But interestingly, we are also able to catch a glimpse of how game theory works in the realm of business.

Basics of Game Theory

There are many examples used to explain game theory. Perhaps the most famous of them is the prisoner’s dilemma. The example goes like this:

1) Two criminals get caught

2) Each is taken to a separate negotiating room with no chance of communicating with each other

3) Each is given a choice of confessing to their crime or denying it

4) However, each criminal is also informed that if he denies and his partner confesses, he would go to jail for 15 years while his partner would walk free

5) If they both deny, they would both go to jail for a year

6) If they both confess, they would both go to jail for 5 years

Under such circumstances, the outcomes that both criminals face can be mapped by the following diagram:

 Years in Prison for both criminals (Prisoner 1/Prisoner 2) Prisoner 2 confesses Prisoner 2 denies Prisoner 1 confesses 5 / 5 0 / 15 Prisoner 1 denies 15 / 0 1 / 1

Without being able to communicate with the other party, the most logical decision for both of them is to deny the charges and spend just a year in prison rather than risk spending the next 15 years holed up in a cell.

As we have established, like in the above, cooperating with your competitors might actually be the most logical decision rather than slugging it out in an attempt to eliminate other parties.

In Singapore, the telecommunication sector could be one where companies could use game theory to weigh their decisions.

The local market is dominated by Singtel (SGX: Z74), Starhub (SGX: CC3) and M1 (SGX: B2F).

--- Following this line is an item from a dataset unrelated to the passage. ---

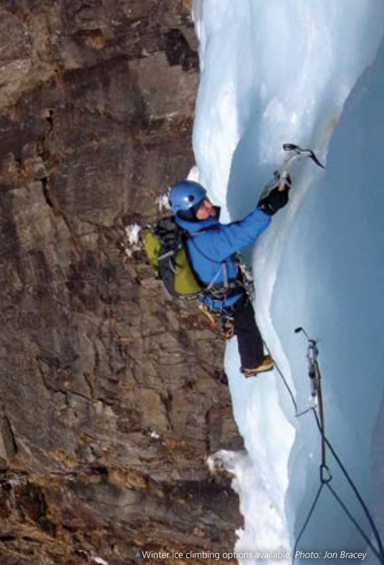
▲ Winter ice climbing options available.

NOTE: All prices are subject to change without notice.

To simplify the example, we can look at the decision making process if we only take into account the management of Singtel and Starhub. Every year, both managements might choose to raise prices or reduce prices. Given that there are implications to each decision, a hypothetical payoff table might look like this:

 Revenue Gain (Singtel / Starhub) Starhub raise prices Starhub reduce prices SingTel raise prices 5% / 5% -10% / 0% SingTel reduce prices 0% / -10% -5% / -5%

If both reduce prices, nothing will happen to their market share and they both face a drop in their revenue. If however, Singtel decides to raise prices but Starhub reduces its prices, Singtel might lose some customers to Starhub, resulting in a drop of 10% in revenue. Starhub on the other hand will not enjoy a rise in revenue as the increase in customer base is offset by the reduction in prices. From the table, it seems that the most reasonable action for both managements to take is to raise prices together, resulting in a gain in revenue for both parties.

Foolish Summary

The reason why using game theory to make a decision is different from price collusion is because each side is making a decision without knowledge of what the other party is going to do. Although the SingTel and Starhub example can be too simplistic, it  serves to bring home a very important point: Sometimes in business the most logical decision is not to destroy your competition, but rather to match each other in strategy to ensure the survival and prosperity of both companies.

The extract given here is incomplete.